Giter VIP home page Giter VIP logo

Comments (20)

SowmyaPulapet avatar SowmyaPulapet commented on August 12, 2024

Hi,

I am also facing the same issue stated above. I have 120 GB of plant sequencing data from which I want to do Chloroplast and Mitochondria assemblies. While assembling chloroplast from the data I got the same error:

Unable to generate results with single copy vertex percentage < 50%

I Highly appreciate some help in solving the issue.

Thank you!

from getorganelle.

JianjunJin avatar JianjunJin commented on August 12, 2024

@SowmyaPulapet @sanhuacat
Please provide the assembly graph in either fastg or visualized png form for troubleshooting

from getorganelle.

SowmyaPulapet avatar SowmyaPulapet commented on August 12, 2024

Assembly graph

This is the assembly graph I got. I am confused about why it shows both embplant_pt and embplant_mt. I am assembling only the chloroplast.

The command I used:

get_organelle_from_reads.py -1 test_1.fq.gz -2 test_2.fq.gz -o PS-plastome -F embplant_pt -t 20

Along with this I also got another error:

Disentangling failed: 'No new connections.'

This happened when I reran the command with a lesser word count (-w 75) and increasing --max-reads .

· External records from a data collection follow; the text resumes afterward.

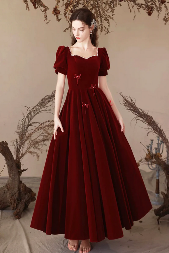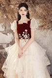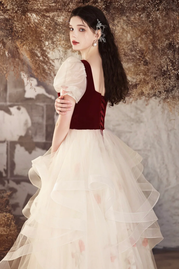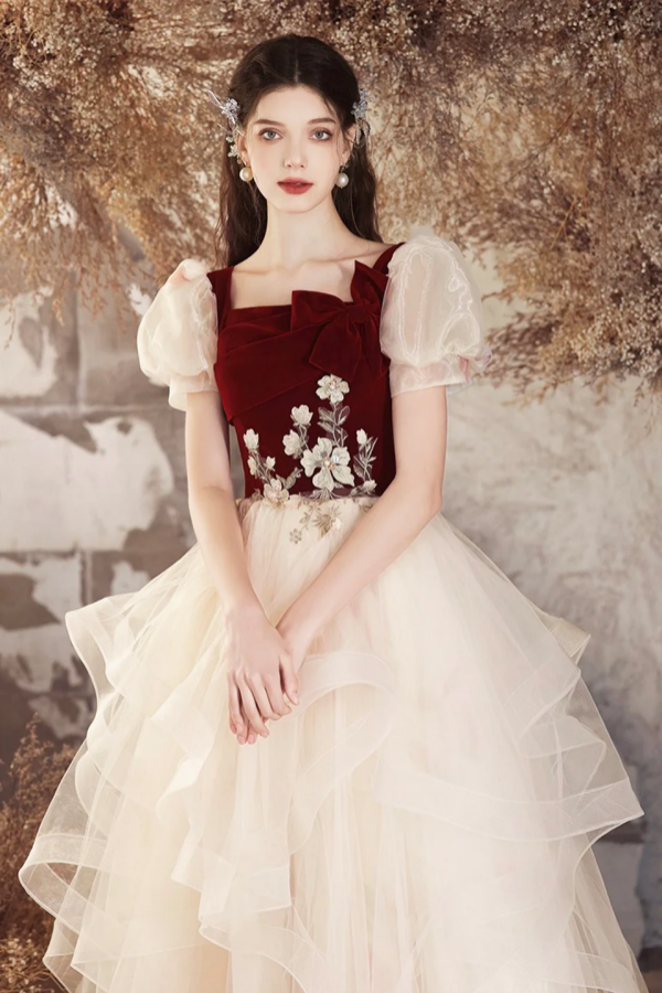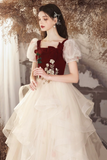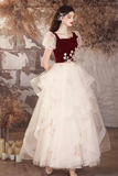 Burgundy Velvet and Champagne Tulle Long Prom Dress, Lovely A Line Short Sleeve Evening Party Dress APP0926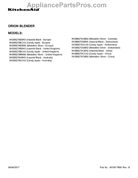 Parts for Kitchenaid 5KSB8270CBK0: 01 - Cover Sheet Parts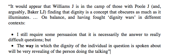 Alex Ruck Keene, barrister with expertise in the law and mental capacity, has recently blogged about the use of the concept of dignity in law:

Feel free to let me know if you need any other information.

Thank you!

from getorganelle.

SowmyaPulapet avatar SowmyaPulapet commented on August 12, 2024

Hi @JianjunJin,

I am running out of time. Could you please help me with this?

from getorganelle.

sanhuacat avatar sanhuacat commented on August 12, 2024

Dr. Jin,

I reran the program and have provided the information from log.txt and the assembly graph png.

As mentioned previously, the output files are not normal, so I have provided the extended_spades\K105\assembly_graph.fastg instead of the assembly graph in the regular output directory.

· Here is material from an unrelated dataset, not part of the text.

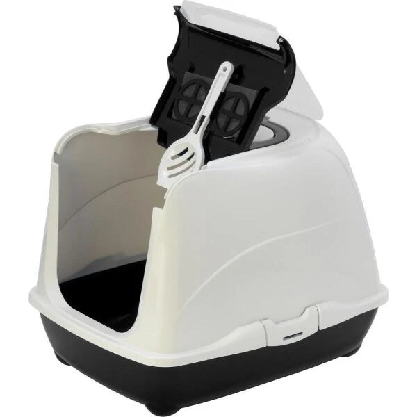 Het Loki kattentoilet is heel handig in gebruik. Het semi -transparante klapdeurtje aan de voorzijde kan je helemaal tot halverwege het deksel openklappen zodat je makkelijk toegang hebt tot de kattenbak maar ook de bovenkant kan er helemaal af dankzij 2 klemmen die vasthangen aan de bodem.

The log file indicates that the SPAdes software does not seem to have run successfully. Does this mean that the assembly process was completed but the circular graph resolution failed?

I believe that the data was recognized as Sanger due to the sequencing platform, which should not be the reason for the issues with assembly. I would like to understand the meaning of "Unable to generate result with single copy vertex percentage < 50%" and find a solution for it.

Thanks again.
屏幕截图 2024-04-10 154439

GetOrganelle v1.7.7.0

get_organelle_from_reads.py assembles organelle genomes from genome skimming data.
Find updates in https://github.com/Kinggerm/GetOrganelle and see README.md for more information.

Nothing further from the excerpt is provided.